On Wed, 31 Oct 2007 17:47:54 +0100, <jimnl69@hotmail.com> wrote:
> On Oct 31, 12:23 pm, "Rik Wasmus" <luiheidsgoe...@hotmail.com> wrote:
>> On Wed, 31 Oct 2007 16:55:21 +0100, <jimn...@hotmail.com> wrote:
>> > I have a table that I get names and counts from but do it in 2
>> > seperate queries. I have to imagine it's possible in 1 cool query.
>>
>> > Table:
>>
>> > Name Value Date
>> > John A 2007-10-30
>> > John B 2007-10-30
>> > John C 2007-10-30
>> > John D 2007-10-30
>> > John E 2007-10-30
>> > Mark A 2007-10-31
>> > Lucy C 2007-10-31
>> > Lucy D 2007-10-31
>> > Mark D 2007-11-01
>> > Hank A 2007-11-01
>> > Hank D 2007-11-02
>>
>> > What I want from this is:
>> > John 3
>> > Mark 1
>> > Lucy 1
>>
>> > Basically, I want a count per distinct Name of each Value that is
>> > "given" to someone else.
>>
>> I can't get the logic.
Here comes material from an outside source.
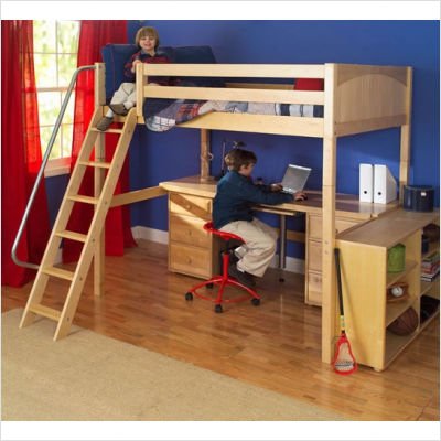Maxtrix Kids Grand 3 / Giant 3 Bigger kids – taller beds! When a low loft simply isn’t high enough anymore, the Full High Loft Bed with Long Desk and 3 1/2 Drawer Chests is even higher – creating space for a cool study environment right underneath the bed. Choose a straight or angle ladder, and bring home the perfect sleeping and studying area in one. Features: -Available in Natural Birch or Solid White finish. -Crafted from Birch hardwood and veneers. -Includes full size bed, front and back safety rails, high loft leg extension, ladder, long desk, and two 3 1/2 drawer chests. -Ladder available in straight or angle style. -Angle ladders are equipped with a sturdy handrail and all steps are extra broad and grooved to ensure safety. -Safety rail height is 11", 6" higher than federal regulation, while bed weight limit is 800 lbs. -Optional MaxSpring Luxury Mattress features all the comforts and spinal support of 207 spring coils (13.5 gage) reduced down to a compact size. -Optional Mattress Cover comes in blue or pink. -Overall Dimensions: 76.5" H x 80" W x 92" D. -Under Bed Height: 58". Assembly Instructions: Basic Full Bed Assembly Guardrail Assembly Straight Ladder Option Assembly Angle Ladder Option Assembly Long Desk Assembly Maxtrix Furniture merchandise is warranted to the original purchasers from authorized dealers for factory related defects (materials and workmanship) that appear under normal household use for a period of 5 years from date of shipment from the factory. This warranty is limited to replacement of the defective part, or substitution of product.

Could you explain some more?
>>
>> If I hazard a guess, I'd say you actually want this:
>>
>> SELECT
>> t.Name,
>> COUNT(DISTINCT t.Value)
>> FROM table t
>> JOIN table j
>> ON j.Value = t.Value # something belongs are has belonged to
>> this person
>> AND j.Name != t.Name # but also belongs or has belonged to
>> someone else
>> AND j.Date > t.Date # at a later time then then it was in this
>> person's
>> posession
>> GROUP BY t.Name
>
> John was given problems A,B,C,D,E. He could solve A so gave it to
> Mark, C so gave it to Lucy, or D so gave it to Lucy. Therefore, John
> bounced 3 problems to someone else so I want to see John 3. Lucy was
> unable to solve D so gave it to Mark. Lucy did solve C. Therefore,
> Lucy bounced 1 problem. Mark was unable to solve A or D so gave them
> to Hank. Therefore, Mark should return 2.
>
> Does that help clear up what I'm trying to do?
Yup, with Mark 2 it's clear (tried to envision some logic for Mark like
'giving away a value will only count if you were the first one to own the
problem', but that obviously didn't work either
). I think the query I
gave you in the previous reply will work (untested).
--
Rik Wasmus